### Task brief
Copy each line below exactly as it appears. Pictures are to be omitted.

[Given information — start]

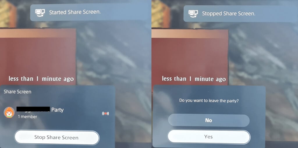 - Látnia kell egy megerősítő üzenetet, amely szerint „Megállított megosztás képernyő”A képernyő jobb felső sarkában. Látni fog egy értesítési ablakot is, amely azt mondja:“El akarja hagyni a partit?”Tehát válassza kiIgenHa befejezte a játékot a barátokkal vagyNemHa csak a képernyő megosztását szeretné végezni, de maradjon a partin.
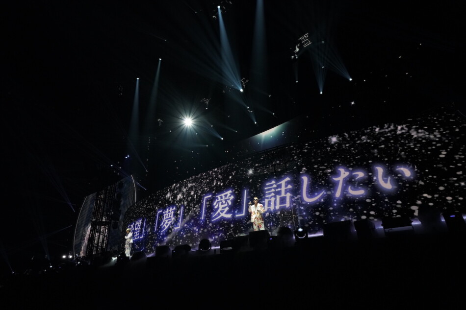 そんなダンスブロックを経て、デビュー24周年を迎えた9月27日にリリースした新曲「Get-go!」が披露されると、早くも本編終盤。ATSUSHI、TAKAHIRO、NESMITH、SHOKICHIの歌声を全身に浴びながら、パフォーマーもリズミカルに手を振る。そして「VICTORY」「Someday -House Mix」の掛け声やタオル回しで、さらに心を1つに。「BOW & ARROWS」では、メンバーが固まってポージングをとる傍ら、NESMITHと世界がおどける場面もありつつ、「WON'T BE LONG」「Ki・mi・ni・mu・chu」「銀河鉄道999」といったライブ定番曲で賑やかに駆け抜けた。
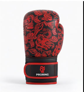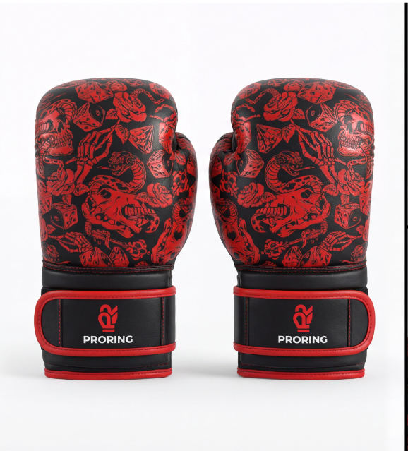 ถุงมือชกมวยพิมพ์ลายกุหลาบกอธิคสีดำแดงหนัง PU มวยไทยคิกบ็อกซิ่งถุงมือฝึกซ้อมสปาร์ริง
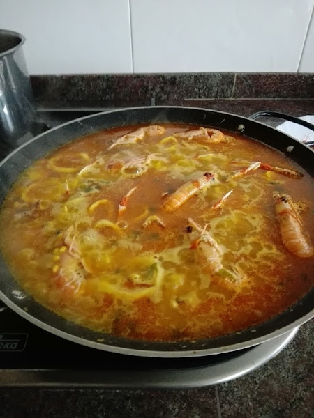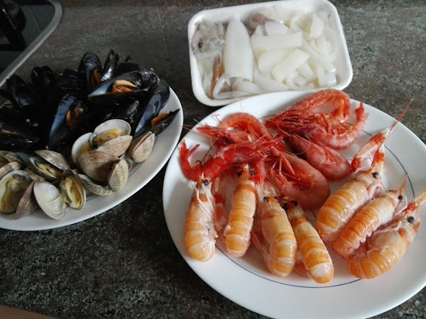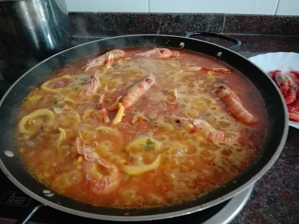 A los diez minutos de cocción agregar los escamarlanes, y por último las almejas, los mejillones y las gambas. Finalmente añadir un hilo de aceite de oliva por encima.

[Given information — finish]

### Task output
 - Látnia kell egy megerősítő üzenetet, amely szerint „Megállított megosztás képernyő”A képernyő jobb felső sarkában. Látni fog egy értesítési ablakot is, amely azt mondja:“El akarja hagyni a partit?”Tehát válassza kiIgenHa befejezte a játékot a barátokkal vagyNemHa csak a képernyő megosztását szeretné végezni, de maradjon a partin.
 そんなダンスブロックを経て、デビュー24周年を迎えた9月27日にリリースした新曲「Get-go!」が披露されると、早くも本編終盤。ATSUSHI、TAKAHIRO、NESMITH、SHOKICHIの歌声を全身に浴びながら、パフォーマーもリズミカルに手を振る。そして「VICTORY」「Someday -House Mix」の掛け声やタオル回しで、さらに心を1つに。「BOW & ARROWS」では、メンバーが固まってポージングをとる傍ら、NESMITHと世界がおどける場面もありつつ、「WON'T BE LONG」「Ki・mi・ni・mu・chu」「銀河鉄道999」といったライブ定番曲で賑やかに駆け抜けた。
 ถุงมือชกมวยพิมพ์ลายกุหลาบกอธิคสีดำแดงหนัง PU มวยไทยคิกบ็อกซิ่งถุงมือฝึกซ้อมสปาร์ริง
 A los diez minutos de cocción agregar los escamarlanes, y por último las almejas, los mejillones y las gambas. Finalmente añadir un hilo de aceite de oliva por encima.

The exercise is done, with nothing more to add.